Every line of the material is to be quoted verbatim, minus the pictures.
[DATA PROVIDED]
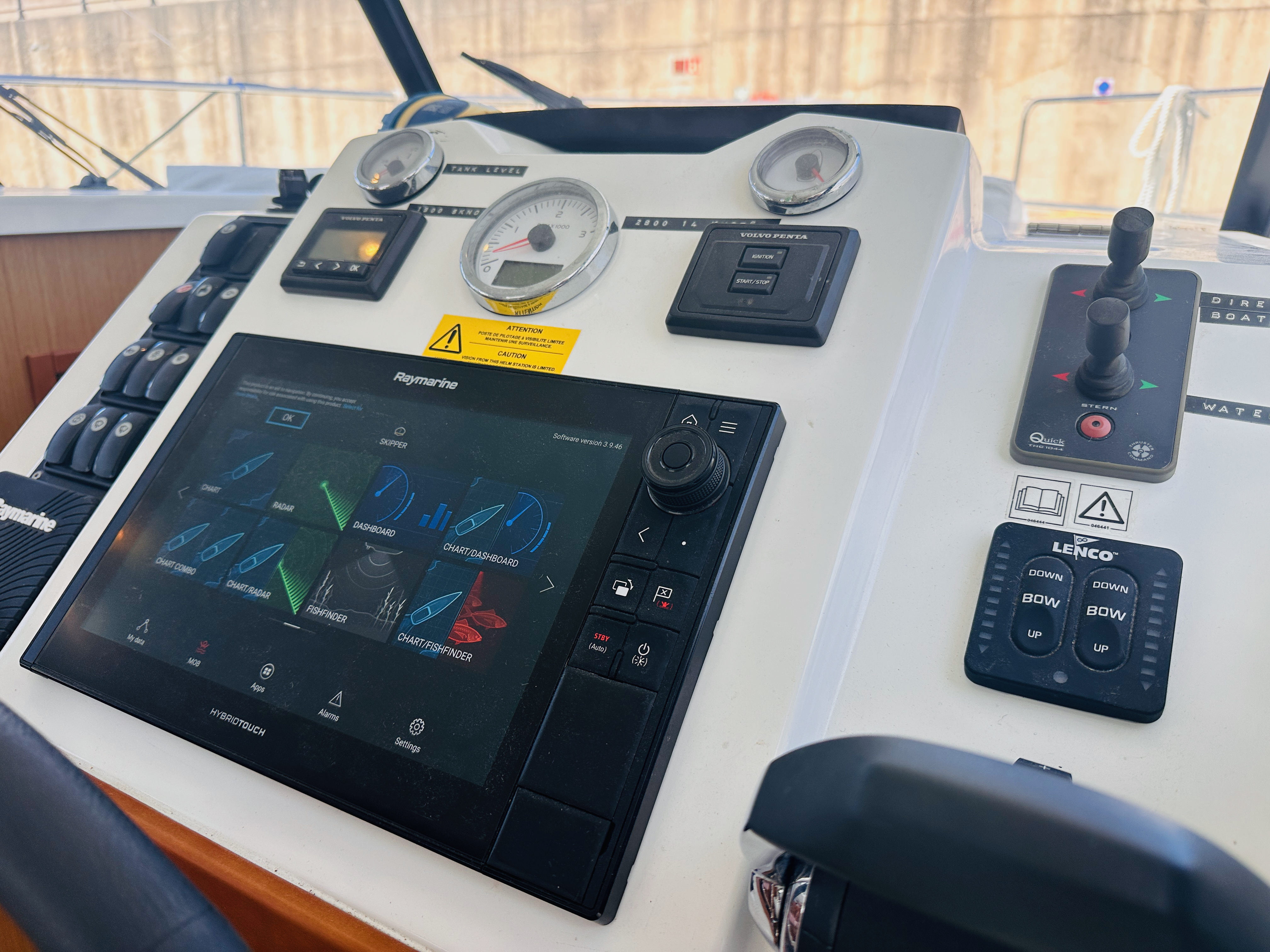 Helm console (engine, windlass, trim tabs, bow & stern thruster controls)
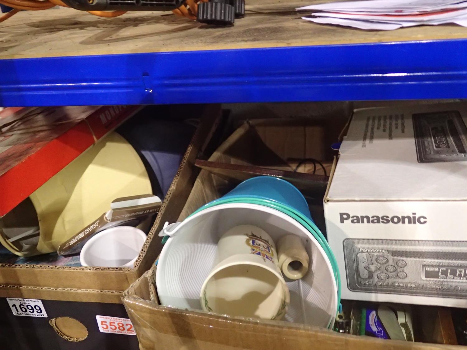 Two boxes of mixed items including a Panasonic Radio. Not available for in-house P&P, contact Paul O'Hea at Mailboxes on 01925 659133
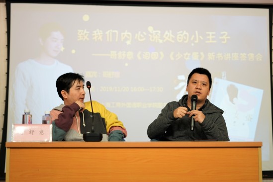 继10月30日举办“好书展销”书香校园活动后,11月20日,我校图书馆又携傅雷读书会一百余名会员在图书馆报告厅举办了“哥舒意《泪国》《女儿蛋》新书讲座签售会”。此次“新书讲座签售会”特邀嘉宾有青年作家哥舒意和上海作家协会会员、上海牧神文化传媒有限公司编辑王辉城等。
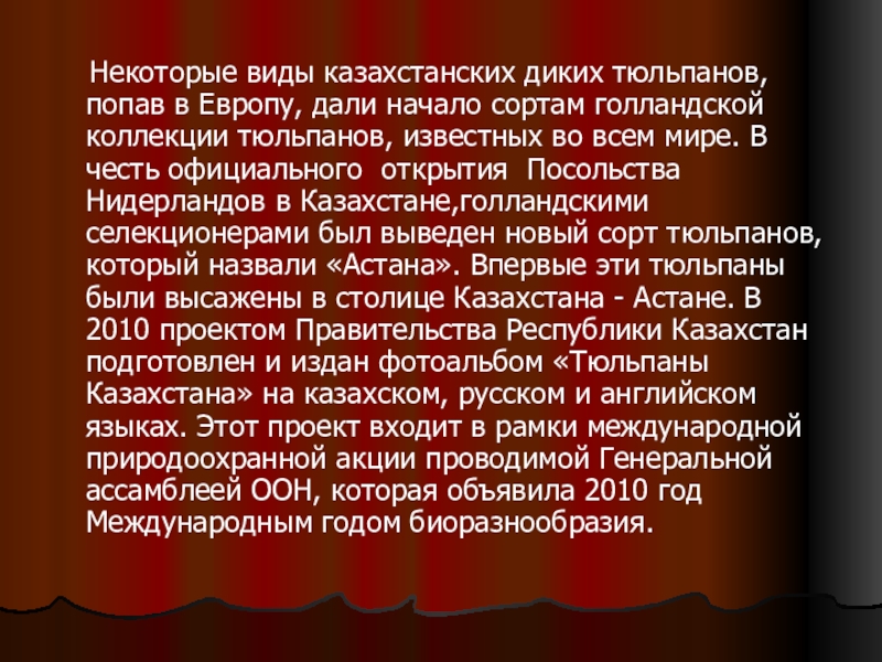 начало сортам голландской коллекции тюльпанов, известных во всем мире. В честь официального открытия Посольства Нидерландов в Казахстане,голландскими селекционерами был выведен новый сорт тюльпанов, который назвали «Астана». Впервые эти тюльпаны были высажены в столице Казахстана - Астане. В 2010 проектом Правительства Республики Казахстан подготовлен и издан фотоальбом «Тюльпаны Казахстана» на казахском, русском и английском языках. Этот проект входит в рамки международной природоохранной акции проводимой Генеральной ассамблеей ООН, которая объявила 2010 год Международным годом биоразнообразия.
[/DATA PROVIDED]
## SOLUTION FOR THIS TASK
 Helm console (engine, windlass, trim tabs, bow & stern thruster controls)
 Two boxes of mixed items including a Panasonic Radio. Not available for in-house P&P, contact Paul O'Hea at Mailboxes on 01925 659133
 继10月30日举办“好书展销”书香校园活动后,11月20日,我校图书馆又携傅雷读书会一百余名会员在图书馆报告厅举办了“哥舒意《泪国》《女儿蛋》新书讲座签售会”。此次“新书讲座签售会”特邀嘉宾有青年作家哥舒意和上海作家协会会员、上海牧神文化传媒有限公司编辑王辉城等。
 начало сортам голландской коллекции тюльпанов, известных во всем мире. В честь официального открытия Посольства Нидерландов в Казахстане,голландскими селекционерами был выведен новый сорт тюльпанов, который назвали «Астана». Впервые эти тюльпаны были высажены в столице Казахстана - Астане. В 2010 проектом Правительства Республики Казахстан подготовлен и издан фотоальбом «Тюльпаны Казахстана» на казахском, русском и английском языках. Этот проект входит в рамки международной природоохранной акции проводимой Генеральной ассамблеей ООН, которая объявила 2010 год Международным годом биоразнообразия.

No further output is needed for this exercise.